In its broadest aspect, nature is reality—the world, the ground of being, the nature of existence, the objective, the absolute. And, in turn, life in its broadest sense is nature—not any particular living thing, but the underlying interconnectedness that makes possible every living thing.
Nature is everything that we mean by the divine. Nature is the "creator." Nature is the preserver. Nature is the destroyer and judge.3 And you, like everything else, are an incarnation of nature.
Nature is the measure of all things and the source of all values: true and false, good and evil. Nature is beyond good and evil. Nature contains all that is called good and all that is called evil. But nature, that is to say, life, is the basis of everything that we mean by good. Everything that we desire, everything that we value, everything that we esteem, is so as a result of our nature—and of the natural world and relationships that gave rise to our nature.
To be commanded nature must be obeyed. Every being, action, and experience is the perfect expression of those conditions that created it. You cannot help but worship nature—everything you do makes reference to it.

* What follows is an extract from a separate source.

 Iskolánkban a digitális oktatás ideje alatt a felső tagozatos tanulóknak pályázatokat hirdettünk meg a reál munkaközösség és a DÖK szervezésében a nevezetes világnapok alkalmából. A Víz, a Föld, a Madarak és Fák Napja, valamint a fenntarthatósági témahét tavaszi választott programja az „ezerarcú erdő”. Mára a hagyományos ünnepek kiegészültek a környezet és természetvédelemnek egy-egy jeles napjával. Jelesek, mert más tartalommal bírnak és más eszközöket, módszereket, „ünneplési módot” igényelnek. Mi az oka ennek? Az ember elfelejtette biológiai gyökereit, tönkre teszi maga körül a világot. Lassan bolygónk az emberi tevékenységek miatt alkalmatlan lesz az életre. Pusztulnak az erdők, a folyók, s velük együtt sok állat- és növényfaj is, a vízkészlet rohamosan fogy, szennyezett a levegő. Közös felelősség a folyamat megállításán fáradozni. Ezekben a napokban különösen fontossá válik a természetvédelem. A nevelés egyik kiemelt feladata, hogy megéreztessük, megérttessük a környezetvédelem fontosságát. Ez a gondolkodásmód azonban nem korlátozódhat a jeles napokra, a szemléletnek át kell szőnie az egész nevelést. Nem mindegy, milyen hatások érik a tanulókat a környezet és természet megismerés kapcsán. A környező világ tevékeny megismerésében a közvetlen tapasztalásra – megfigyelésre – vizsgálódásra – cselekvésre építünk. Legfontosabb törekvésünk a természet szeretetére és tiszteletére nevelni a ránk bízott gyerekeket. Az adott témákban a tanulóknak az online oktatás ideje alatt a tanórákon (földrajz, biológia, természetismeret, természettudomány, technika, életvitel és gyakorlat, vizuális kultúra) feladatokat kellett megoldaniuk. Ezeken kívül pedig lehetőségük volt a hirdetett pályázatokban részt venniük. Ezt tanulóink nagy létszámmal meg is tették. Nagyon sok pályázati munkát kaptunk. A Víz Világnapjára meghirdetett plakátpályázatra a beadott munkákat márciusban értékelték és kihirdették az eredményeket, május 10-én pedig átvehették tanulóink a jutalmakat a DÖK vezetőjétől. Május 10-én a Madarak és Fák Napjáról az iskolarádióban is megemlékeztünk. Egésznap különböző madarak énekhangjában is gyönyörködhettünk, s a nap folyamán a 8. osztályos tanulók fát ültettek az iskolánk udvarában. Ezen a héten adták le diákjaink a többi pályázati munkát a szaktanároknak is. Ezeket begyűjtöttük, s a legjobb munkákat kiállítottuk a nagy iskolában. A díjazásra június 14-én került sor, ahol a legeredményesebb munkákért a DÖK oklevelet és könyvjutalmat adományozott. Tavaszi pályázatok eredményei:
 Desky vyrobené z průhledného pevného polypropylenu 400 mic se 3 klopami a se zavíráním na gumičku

The God of Tillich or Spinoza, or the Brahman of the Yogis, already admits the point—that what we mean by God is nature. But why call it God at all? The term God carries with it the connotation of a person—but nature is not a person. Nature is everything, and because there is nothing that nature is not, nature has no outside with which to interact. Thus it has no personality, and thus it is not a person. Though thinking of it as a person can, in some ways, be a useful construction.
Nature can have no author or creator—for nature is reality, is everything that exists. Thus any “God” that existed would have to either be synonymous with nature or be an aspect of it—that which transcends reality by definition does not exist.
Nor can anything truly be created, in the strictest sense of coming from nothing. Either something exists in the potentiality of nature or it does not. If it is not possible for it to exist, then not even a God could make it exist. If it is possible for it to exist, then it already exists as a seed within the potentiality of nature awaiting its actualization—its summoning.
The goal of religion has always been to reorient the self-aware organism back to its interconnection with its environment. All organisms seek to integrate with their environment—without this tendency they would die. Within the confines of the city-state, without the experience of ecstatic union with the natural world, this desire often manifests itself as an unrequited love—an empty, unfulfilled longing.